We did succeed further, however, in isolating two Y-SNPs for which descendants of our second major Acree progenitor, who immigrated to Colonial Maryland, can henceforth test to verify descent from him. Two Y-SNPs are required in this case because we do not yet know which of them performs differentiation. We accomplished this with the serious disadvantage of having a far smaller matching group to test, consisting of only four descendants. Yet, it validated our methodology. If a new project participant does not know which of the two Acree progenitors was his, he can find out by testing inexpensively for these two Y-SNPs and for A2156.

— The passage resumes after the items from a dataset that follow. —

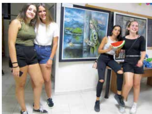
Sopra, la scultura prima classificata. A sinistra altre opere con ragazze che hanno partecipato alla Sagra

Sono state circa 140 le opere esaminate al 52esimo concorso di pittura e scultura che si è svolto a San Martino Spino in occasione della Sagra del Cocomero. Medio-alto il livello delle opere partecipanti con
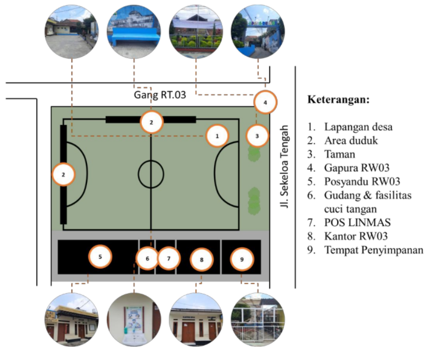
Gambar 2. Siteplan Lokus Pengamatan

Data didapatkan dengan mengamati penduduk yang menggunakan ruang komunal dan diamati: 1) ruang yang digunakan; 2) lama penggunaan ruang; 3) aktivitas yang dilakukan; 4) pelaku ruang; 5) sistem protokol kesehatan. Pengamatan dilakukan pada bulan Juni tahun 2022. Pengamatan dilakukan mulai dari hari senin-hingga minggu pada waktu yang tidak tentu disiang hari selama lebih kurang 1 jam.
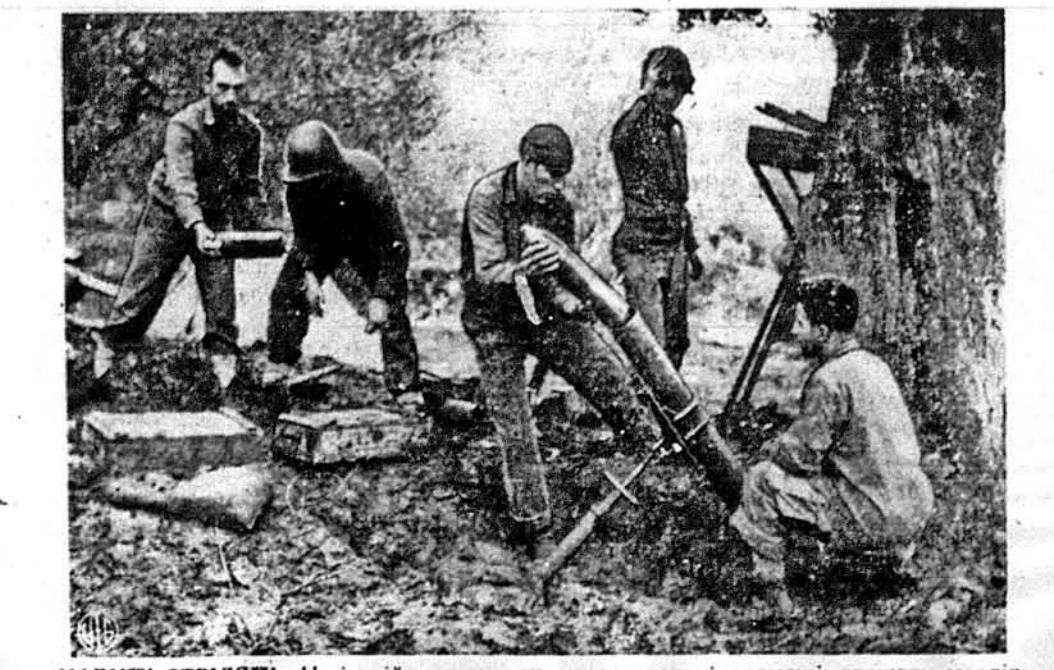
НАБИІ! СТІЛЯІ! — На італійському верху американські гармаші ладують мотдр, з котрого стріляють на німців у долині. На задньому тлі сержант підносить руку, аби дати сигнал стріляти.
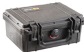
1150NF No Foam
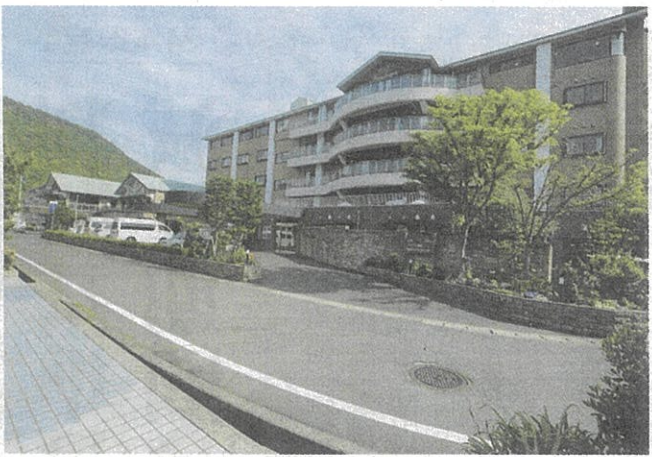
手前がケアハウス屋島。奥に併設のサ高住とサ高住がある
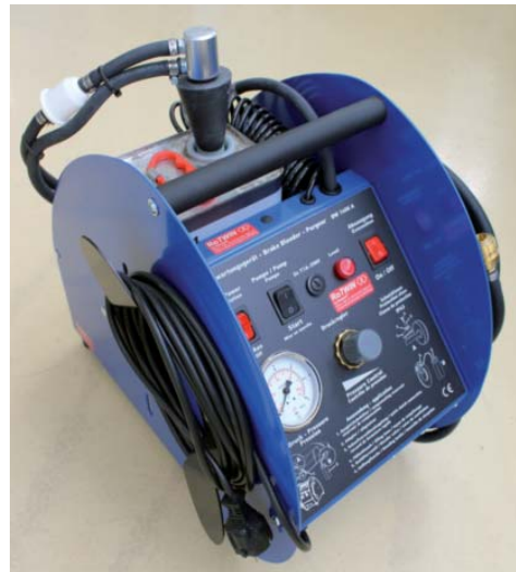
BW 1408 fren bakımı konusunda mobil kullanımın "gizli silahıdır" -kullanışlı ve güçlü.
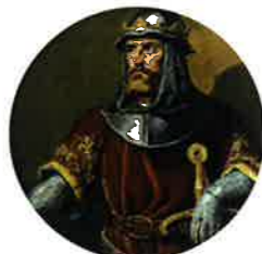
ANTSO IV.A GAZTELAKOAK

"...tengo por bien que las ferrerías que son en Legazpia masuqueras, que están en yermo, e las hacen robos los malos homes e los robadores, que vengan más cerca de la villa de Segura..."
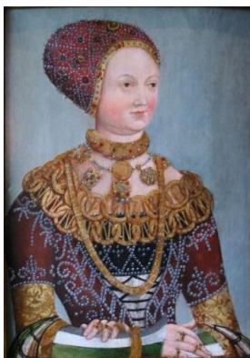
Portrait d'une dame Attribué à Hans Krell, XVI e siècle
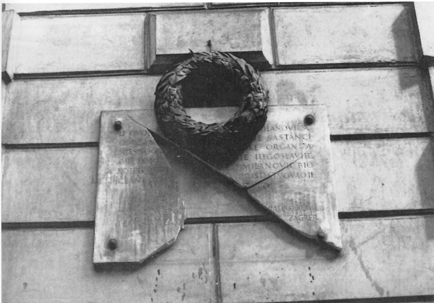
Oštećena spomen ploča u Deželićevoj ulici u Zagrebu
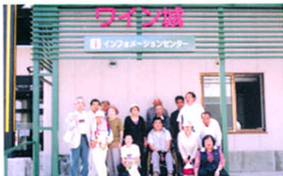
ワイン城にて(厚障連研修旅行)
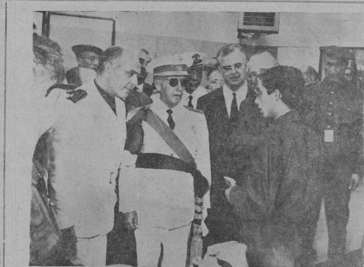
Su Excelencia el Jefe del Estado, Generalísimo Franco, acompañado del ministro secretario general del Movimiento y delegado nacional de Sindicatos, señor Solís, conversa con uno de los obreros del Centro de Formación Profesional Acelerada, en los talleres del mismo, inaugurado por el Caudillo en Madrid, el pasado día 18, en conmemoración del XXIX aniversario del Alzamiento.

Oviedo, 21.—4.716 salmones han sido capturados en los ríos asturianos en esta temporada, cerrada el pasado domingo. La captura por ríos fue la siguiente: Sella, 1.534; Cares, 1.375; Narcea, 870; Navia, 832; Esva, 105.—Alfil.

Our strategy can be used by any ONS having an associated Y-DNA surname study at FTDNA. It is first essential to find two men who barely match each other in their Y-STR comparisons - one who descends from an outstanding progenitor and the other, presumably with a different surname, who does not. They must take Big-Y tests to isolate Y-SNPs that the first possesses but the second lacks. Other descendants of the progenitor can then test for possession of the new-found YSNPs to identify those that are genealogically relevant and therefore capable of verifying descent. Independent analysis by administrators of the relevant haplogroup project and/or FGC may be needed, but FTDNA has been continually improving its own Big-Y matching capabilities.